Even being handed a smoking gun, the McDonnell administration managed nothing more than to hedge a bet. Jim Cheng made a veiled effort to position the administration so it could claim participation and credit or maintain credible deniability for Waynesboro’s overseas trade venture. Governor McDonnell’s team just don’t hunt.
“The secretary of trade [Jim Cheng] wants to hold a meeting after I get back to discuss future development of the foreign trade zone and what we’re doing here.” – Waynesboro councilman Mike Harris to The News Virginian
It isn’t American economic development China is after, nor should it be. It’s about business and national interests: concepts well beyond the scope of the Bob McDonnell team’s skill set (see: ABC Privatization, VRS funding, and the soon to be nostalgic AAA bond rating). By the way, the hunt would have taken only a few keystrokes or a call to, heaven forbid, a scholar at the University of Virginia. Why didn’t Cheng know that Hong Kong is positioned as a primary arbiter for wine imports to mainland China? That China is already a domestic wine producer and intends to become a major exporter (Great Wall Wine Company and others already export worldwide). That the Chinese domestic competition sells a mid-range wine for about $5.45 a bottle but export quality is fetching $30 to $45 per bottle in Hong Kong (all USD). That this may be an effort at import/export arbitrage; that we might leverage that margin to our advantage. We shouldn’t give away the vineyard for a short term gain or potential near-term boom and the inevitable long-term disappointment. But Cheng was not so forthcoming.

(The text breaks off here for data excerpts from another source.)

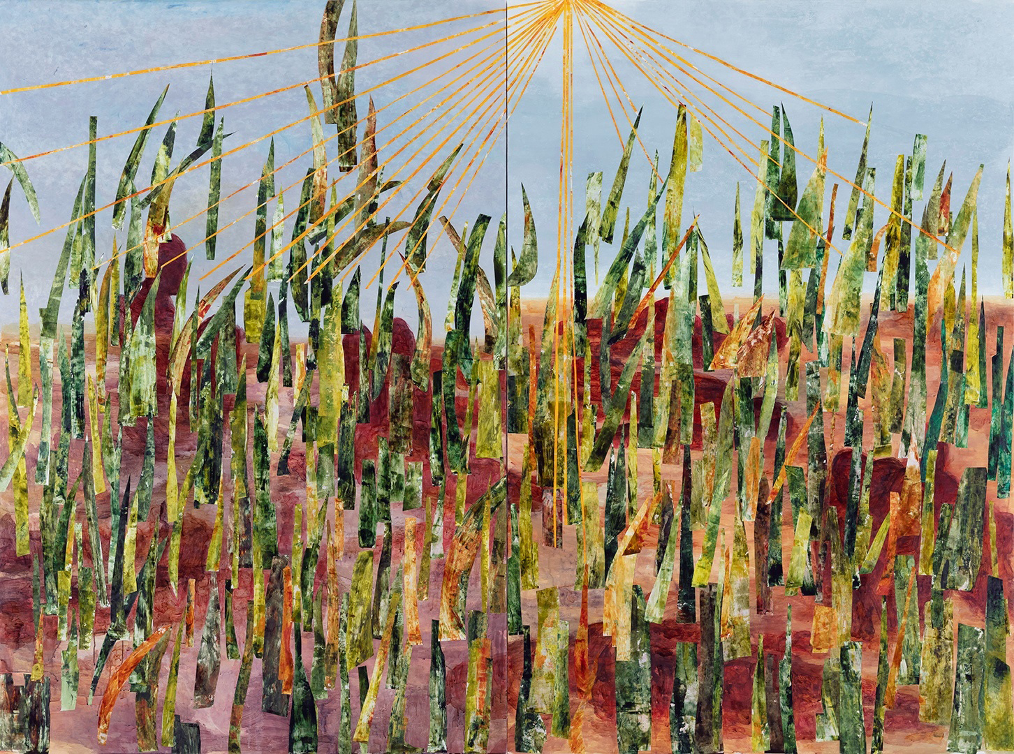 둘, 하나가 되는 조각, 장지에 아크릴, 과슈, 분채, 192x260cm, 2023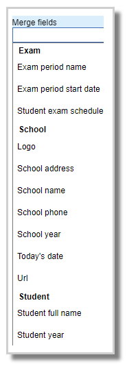 Selecting the 'Merge field' button will display the available merge fields as shown below. Click on the required merge field to add it to the template.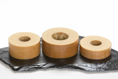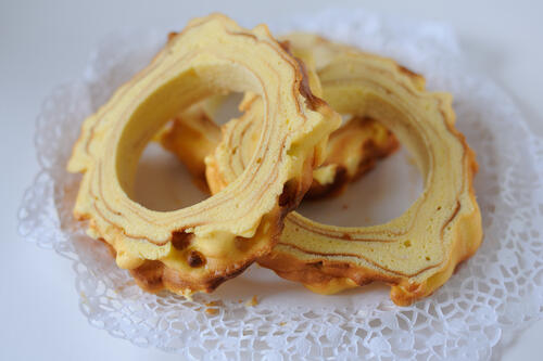バームクーヘンの円の径が小さいときにおすすめの切り方。輪切りにすると、上からチョコレートや生クリームなどトッピングしやすい。層となっている面積も大きいので、バターの香りをふんだんに楽しむことができる。

“In terms of overall growth in demand for wine in China over the next 10 years, China will become both a massive producer and a massive importer of wine,” says Don St Pierre, head of ASC, the Chinese wine importer and distributor acquired by Japanese drinks giant Suntory in 2009.
Wine has suffered the same trials as any number of other Chinese products. Excessive levels of ethanol and chemical additives have resulted in safety concerns and recalls. Virginia winery best practices may be the object of Chinese attention rather than the wines that are being produced in our region. Or it could be something entirely different. One thing is certain: China is not footing the bill for the Waynesboro councilman’s journey without an anticipated return on investment. Another thing is certain: Governor McDonnell’s team is out of its league. It can’t even table the equivalent of a city councilman’s initiative; nor, they have proven, should they. But they are happy to share anything Councilman Price may accomplish so long as there’s credit to go around. They are proving how much they do love credit.